* WHAT YOU HAVE TO DO
Give the lines again exactly as they appear below, from the line with "Lion porte blason" to the line with "泰國農(nóng)業(yè)", both included, and only those lines. Leave every picture out.

* DATA FOR ANALYSIS
= = =
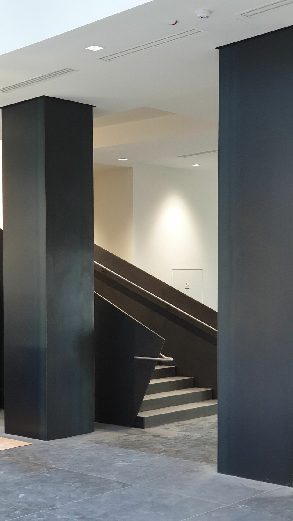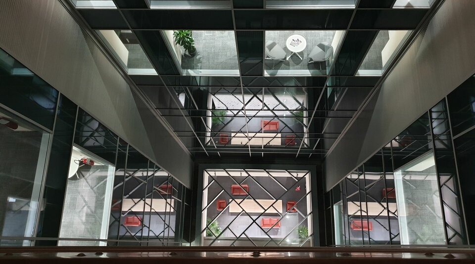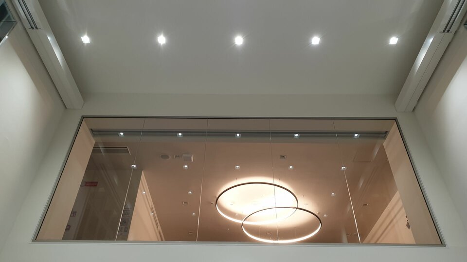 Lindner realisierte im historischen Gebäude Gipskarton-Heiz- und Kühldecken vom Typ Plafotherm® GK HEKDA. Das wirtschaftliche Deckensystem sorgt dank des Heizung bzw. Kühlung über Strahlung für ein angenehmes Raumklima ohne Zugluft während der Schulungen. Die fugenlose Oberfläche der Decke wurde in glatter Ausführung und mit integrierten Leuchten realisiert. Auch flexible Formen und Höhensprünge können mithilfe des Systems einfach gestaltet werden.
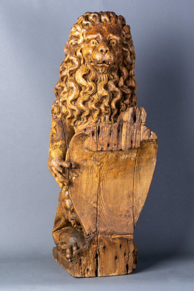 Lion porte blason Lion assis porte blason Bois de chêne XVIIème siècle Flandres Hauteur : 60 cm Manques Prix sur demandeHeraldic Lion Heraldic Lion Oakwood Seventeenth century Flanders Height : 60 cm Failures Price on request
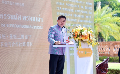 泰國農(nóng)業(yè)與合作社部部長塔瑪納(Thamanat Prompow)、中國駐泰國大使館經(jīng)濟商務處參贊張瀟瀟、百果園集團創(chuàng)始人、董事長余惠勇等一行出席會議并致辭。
= = =
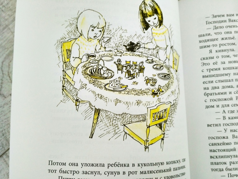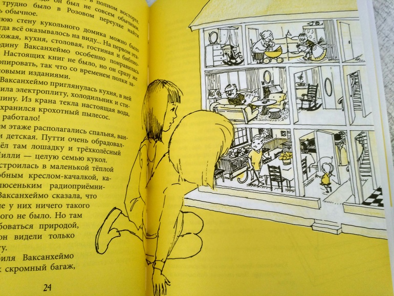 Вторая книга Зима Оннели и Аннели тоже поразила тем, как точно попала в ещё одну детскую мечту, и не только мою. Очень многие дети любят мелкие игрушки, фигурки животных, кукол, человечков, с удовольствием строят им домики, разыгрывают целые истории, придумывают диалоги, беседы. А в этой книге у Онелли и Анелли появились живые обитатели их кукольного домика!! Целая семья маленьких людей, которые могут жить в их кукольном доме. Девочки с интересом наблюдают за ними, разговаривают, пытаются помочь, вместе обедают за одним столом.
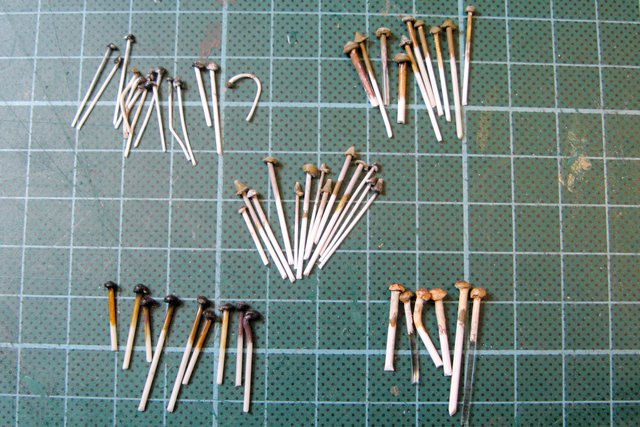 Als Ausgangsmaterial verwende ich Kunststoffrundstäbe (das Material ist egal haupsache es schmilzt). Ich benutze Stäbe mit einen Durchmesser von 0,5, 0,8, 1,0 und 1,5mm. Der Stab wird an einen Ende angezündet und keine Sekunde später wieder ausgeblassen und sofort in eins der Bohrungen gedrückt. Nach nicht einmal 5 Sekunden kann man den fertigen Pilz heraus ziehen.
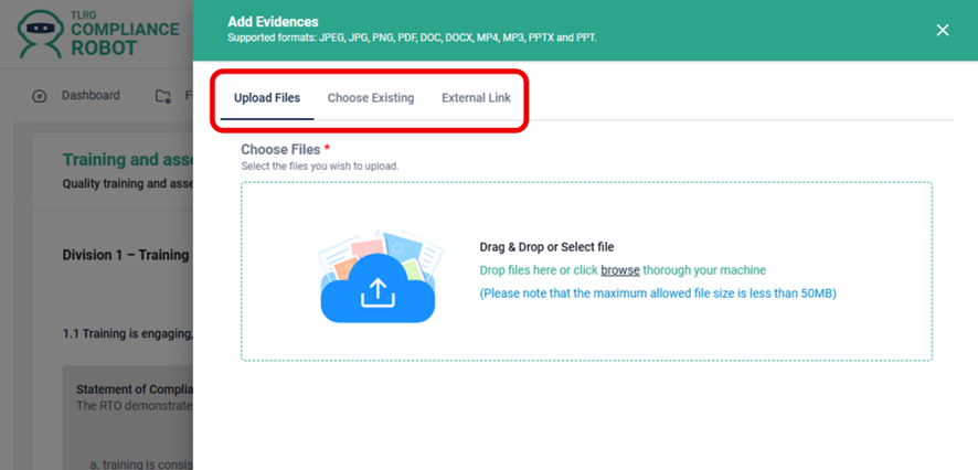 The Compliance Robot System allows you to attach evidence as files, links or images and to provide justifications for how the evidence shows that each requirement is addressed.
= = =
* WRITTEN ANSWER
 Lion porte blason Lion assis porte blason Bois de chêne XVIIème siècle Flandres Hauteur : 60 cm Manques Prix sur demandeHeraldic Lion Heraldic Lion Oakwood Seventeenth century Flanders Height : 60 cm Failures Price on request
 泰國農(nóng)業(yè)與合作社部部長塔瑪納(Thamanat Prompow)、中國駐泰國大使館經(jīng)濟商務處參贊張瀟瀟、百果園集團創(chuàng)始人、董事長余惠勇等一行出席會議并致辭。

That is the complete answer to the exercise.